Gewinne:
- Fähigkeit zur genauen Priorisierung durch Kombination von CVSS (Schweregrad), EPSS (Missbrauchswahrscheinlichkeit) und KEV (tatsächlicher Missbrauch) mit dem institutionellen Kontext (Exposition, Kritikalität, kompensatorische Kontrolle)
- Möglichkeit, die CVE-Zahlen und -Scores zu überprüfen, die künstliche Intelligenz in NVD-/EPSS-/KEV-Quellen erstellen kann, und den Patching-Plan durch das Change-Management-Gate zu leiten
- Verstehen Sie, dass ein hoher CVSS allein keine Priorität bedeutet, sondern dass das tatsächliche Risiko durch den Kontext bestimmt wird.
In jedem Unternehmen gibt es Tausende von Schwachstellen: eine Schwachstelle in einer Software, eine Fehlkonfiguration oder eine veraltete Komponente, die ein Angreifer ausnutzen kann. Ein Schwachstellenscanner – ein Tool, das Systeme scannt und bekannte Schwachstellen auflistet – liefert in einem mittelgroßen Unternehmen problemlos 10.000 bis 50.000 Ergebnisse. Das Problem besteht nicht darin, sie zu finden; In diesem Stapel, in dem es unmöglich ist, sie alle gleichzeitig zu schließen, ist es wichtig zu entscheiden, welches zuerst geflickt werden soll. Eine falsche Priorisierung schadet in zweierlei Hinsicht: Sie verzögern, was wirklich gefährlich ist, oder Sie erschöpfen das Team und die Geschäftskontinuität aufgrund tausender unwichtiger Erkenntnisse.
Künstliche Intelligenz ist bei dieser Priorisierung ein wirkungsvolles Hilfsmittel. Es kann Tausende von Zeilen der Scanausgabe gruppieren, Duplikate kombinieren, jeden Befund in menschliche Sprache übersetzen, erklären, „warum das wichtig ist“ und eine Priorisierungsübersicht bereitstellen. Die KI weiß jedoch nicht, welcher Server in Ihrem Unternehmen für das Internet geöffnet ist und welcher kritische Daten enthält; Und was noch gefährlicher ist: Es kann eine Schwachstellenidentität (CVE) fabriziert werden, die nicht existiert. Die KI generiert und erklärt also die Rangliste, aber die endgültige Prioritätsentscheidung wird vom Analysten anhand des institutionellen Kontexts und validierter Daten getroffen.

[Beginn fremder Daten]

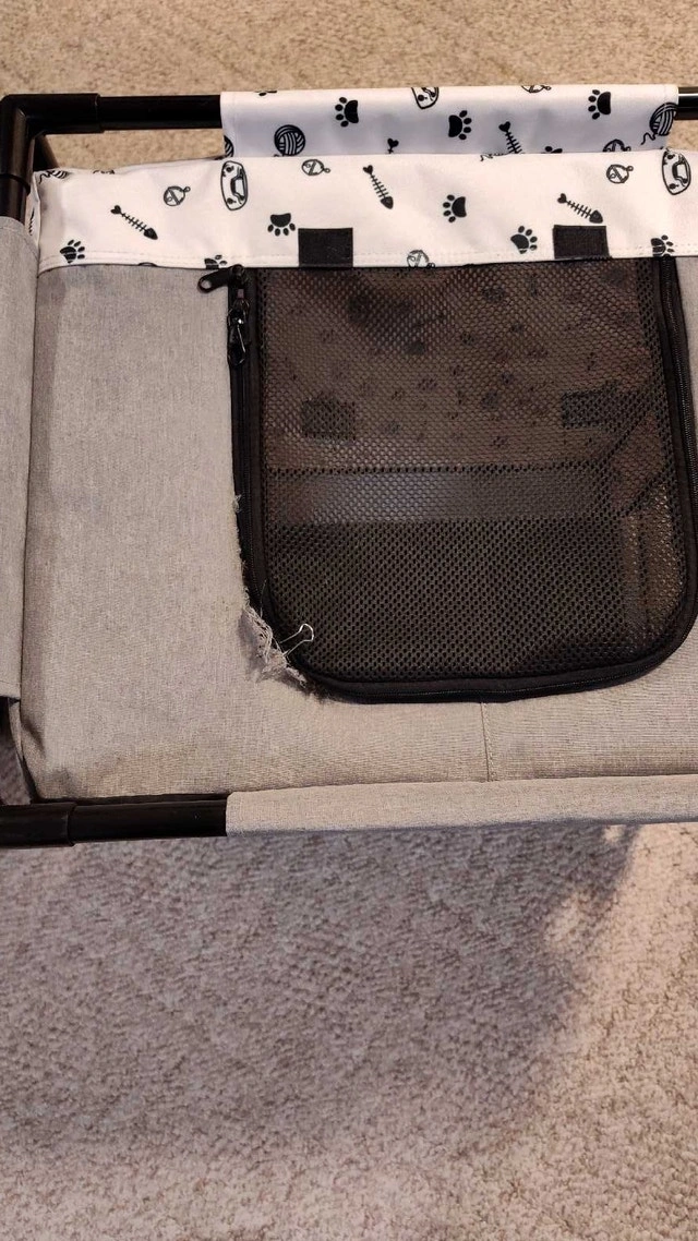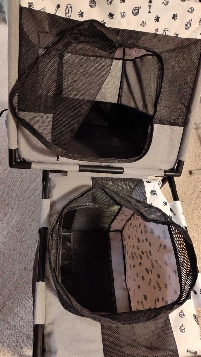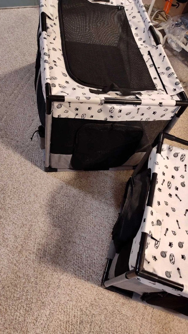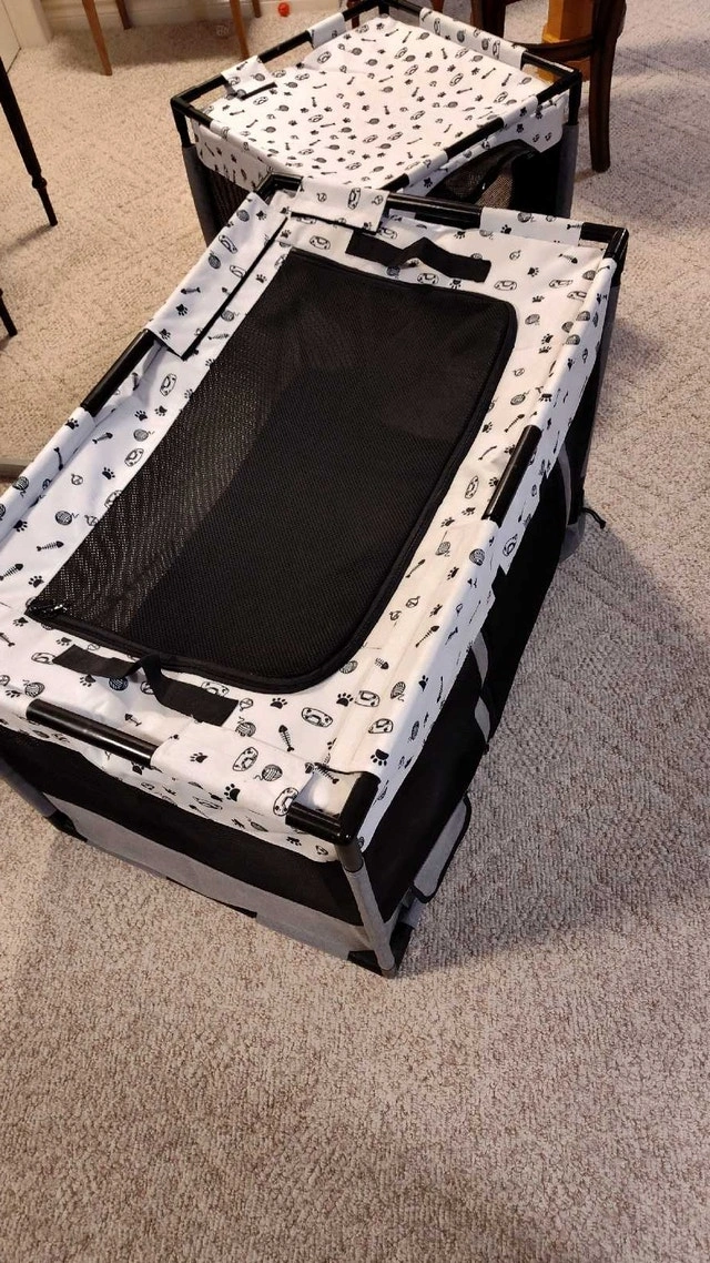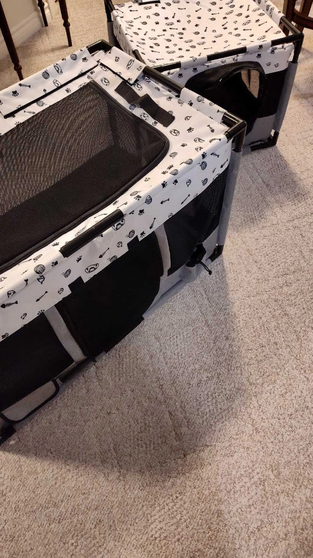Portable cat and dog playpen, suitable for indoor or outdoor use. Features a functional partition design with two separate areas, ideal for feeding, resting, playing, and litter box use (fits litter boxes up to 18.5"). Large size: 39"L x 24"W x 22"H. Can be used for puppies, kittens, cats, small dogs, rabbits, etc. Includes a stable PVC pipe frame and is made from durable, scratch-resistant, waterproof 600D Oxford cloth and mesh. Good used condition, but there is a small tear near the zipper that needs repair. Asking $50. Pick up in Mississauga near Britannia Rd and Ninth Line or Winston Churchill Blvd.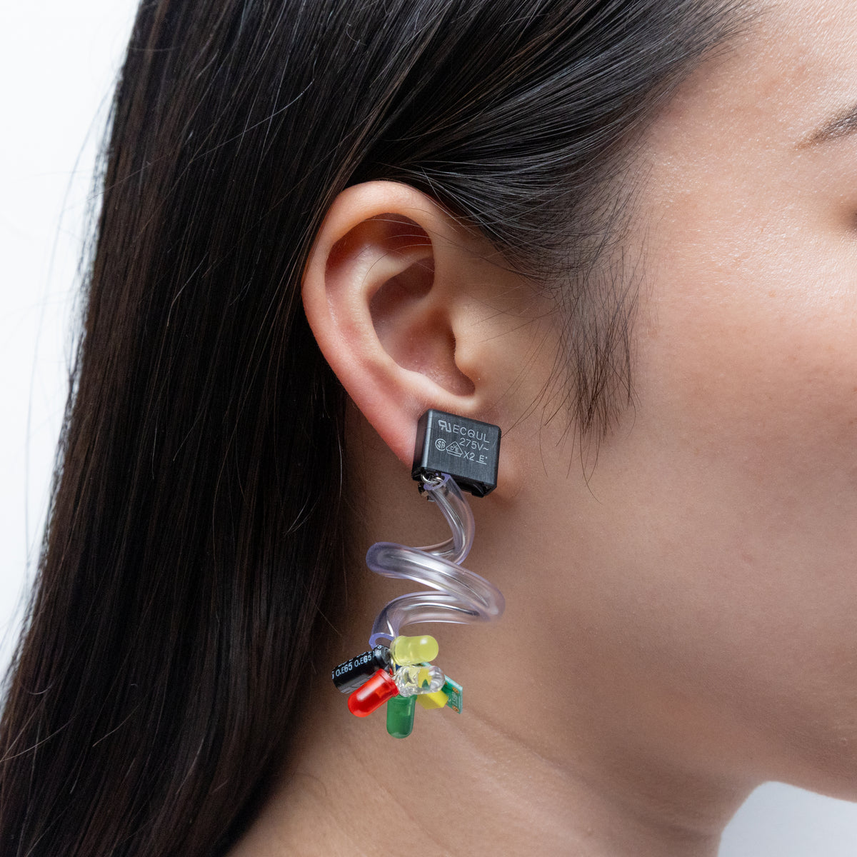 基板のグリーンやメタルの輝きは本来は無機質なのに、アクセサリーになると愛らしく感じられるから不思議です。すべてが手作業で仕立てられた、ほんの少し未来を感じるアクセサリーです。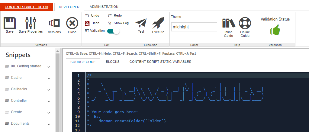 Upon creation, the object can be edited with the web-based IDE selecting the 'Editor' function in the object function menu. The function is also available as a promoted function.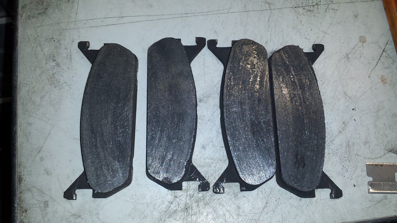 Off the XP car. Used to track the car when it was still driven on the street. Moved to some left over Panther Plus (AX6) pads from another racer. These have ~1/4" of material left. Looking for 55 bucks shipped.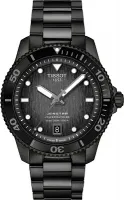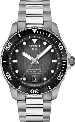 Представляем обновленную версию одной из главных коллекций оригинальных часов Tissot — Seastar 1000 Powermatic 80 с артикулом T120.807.33.051.00, созданную специально для ценителей активного образа жизни и элегантности. Эти мужские часы в обновленном 40-миллиметровом корпусе оснащены автоматическим механизмом Powermatic 80, который лежит в их основе и обеспечивает внушительный запас хода до 80 часов. Швейцарские мастера изготовили корпус круглой формы из нержавеющей стали 316L с черным PVD-покрытием. Благодаря тонкой доработке с выемкой по краям, часы обрели более компактный и изысканный внешний вид, оставаясь при этом бескомпромиссно спортивным и уверенным аксессуаром. Модель диаметром 40 мм и толщиной 12,48 мм имеет вес 148 г и оснащена автоматическим швейцарским калибром 11 1/2''' (диаметр 25,6 мм) с запатентованной пружиной баланса Nivachron. Циферблат градиентного серо-черного цвета с индексами и стрелками, покрытыми люминесцентным составом Super-LumiNova, гарантирует улучшенную видимость в условиях плохой освещенности. Защиту циферблата обеспечивает устойчивое к царапинам сапфировое стекло с антибликовым покрытием, а среди опций корпуса предусмотрены минеральный безель, вращающийся против часовой стрелки, завинчивающиеся заводная головка и задняя крышка, а также прозрачная задняя крышка. Эти швейцарские часы идут в комплекте с черным браслетом из нержавеющей стали с PVD-покрытием, оснащенным раскладной застежкой с фиксатором и кнопками, а также системой быстрой замены. Что касается водонепроницаемости, эти оригинальные часы выдерживают до 300 метров (30 АТМ/bar): можно плавать, погружаться с аквалангом на глубину 70 метров.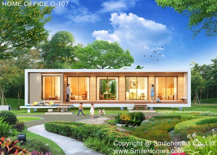 Home Office สไตล์ Modern ตัวอาคารยกระดับจากพื้นดิน 1.00 ม. ใช้เป็น Mini Office หรือสำนักงานขนาดเล็ก พร้อมพักอาศัยได้ รูปทรงภายนอกเป็นสไตล์ Modern ดูทันสมัย สวยงาม เน้นทางเข้า ด้วยบันไดทางขึ้น มีเฉลียงยาวด้านหน้า ภายในมีส่วนต้อนรับ โปร่งโล่ง ใช้ติดต่องานบริษัท ด้านในเป็นส่วนทำงานของพนักงาน มีห้องทำงานผุ้จัดการ มีห้องประชุม คุยงาน หรือใช้เป็นส่วนทานอาหารได้ พร้อมส่วนเตรียมอาหาร Pantry ด้านในมีห้องนอนใหญ่ ที่เป็นส่วนตัว พร้อมห้องน้ำในตัว และมีเฉลียงนั่งเล่น นอกชานขนาดใหญ่ด้านหน้า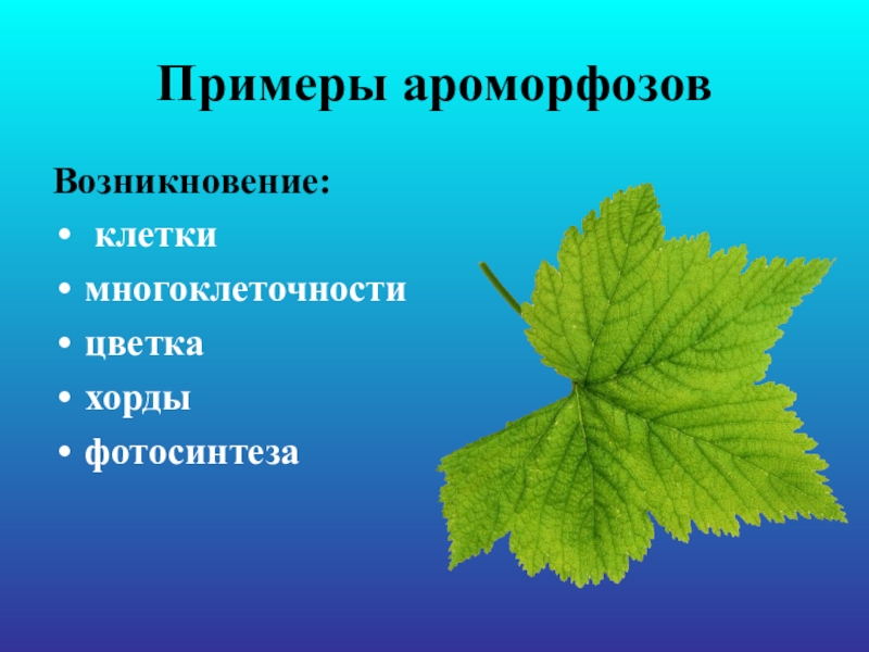 Примеры ароморфозовВозникновение: клеткимногоклеточностицветкахордыфотосинтеза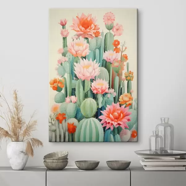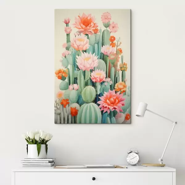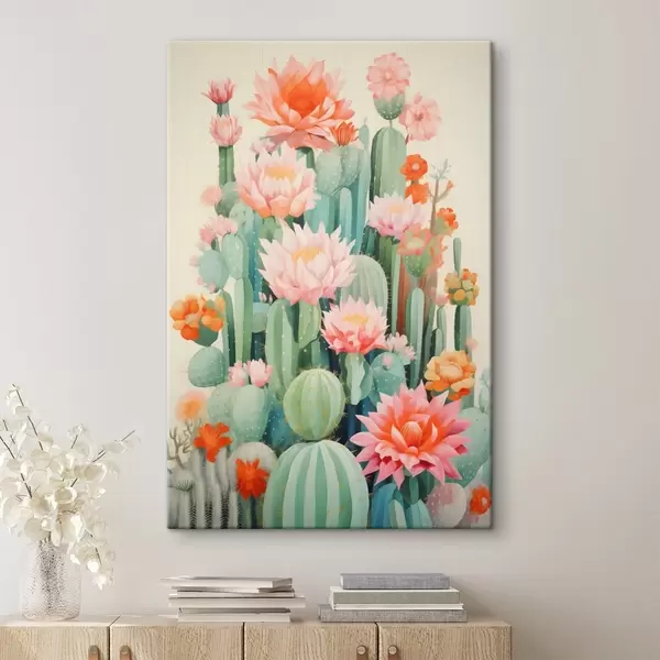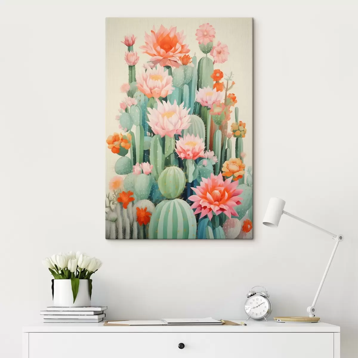 Schilderij Bloeiende cactussen met roze en oranje bloemen in illustratiestijl Art. s46934
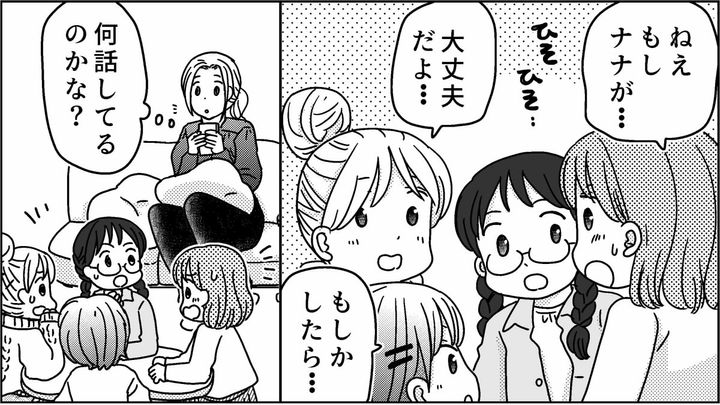 私がナナちゃんの食事ついて頭を悩ませている一方で、ユイたちは話し合いをしていました。その様子から、何か深刻な話をしているように見えました。「どうした? 何の相談?」ユイは慌てた様子で笑顔を作りました。でも、その笑顔はどこかぎこちなく感じられます。

Grundkonzepte der Priorisierung
Lassen Sie uns einige Begriffe klären. CVE (Common Vulnerabilities and Exposures) ist die eindeutige ID, die jeder bekannten Schwachstelle zugewiesen wird (z. B. CVE-2021-44228, das berüchtigte Log4Shell). CVSS (Common Vulnerability Scoring System) ist der Standard, der den technischen Schweregrad einer Schwachstelle auf einer Skala von 0 bis 10 bewertet; 9.0+ gilt als „kritisch“. Aber CVSS allein reicht nicht aus, denn es sagt aus, „wie ernst es sein könnte“ und nicht, „wie wahrscheinlich es ist, dass es tatsächlich missbraucht wird“. Hier kommt EPSS (Exploit Prediction Scoring System) ins Spiel: Es prognostiziert die Wahrscheinlichkeit, dass eine Schwachstelle in den nächsten 30 Tagen tatsächlich ausgenutzt wird. Außerdem gibt es die KEV-Liste (Known Exploited Vulnerabilities): Schwachstellen, die nachweislich bei tatsächlichen Angriffen genutzt werden; Diese haben absolute Priorität.
Die richtige Priorisierung kombiniert diese drei mit dem Unternehmenskontext: hoher CVSS + hoher EPSS + auf der KEV-Liste + kritischer Server mit Zugang zum Internet = sofortiger Patch. Hoher CVSS, aber niedriger EPSS + im internen Netzwerk + eingeschränkter Zugriff = geplantes Patchen.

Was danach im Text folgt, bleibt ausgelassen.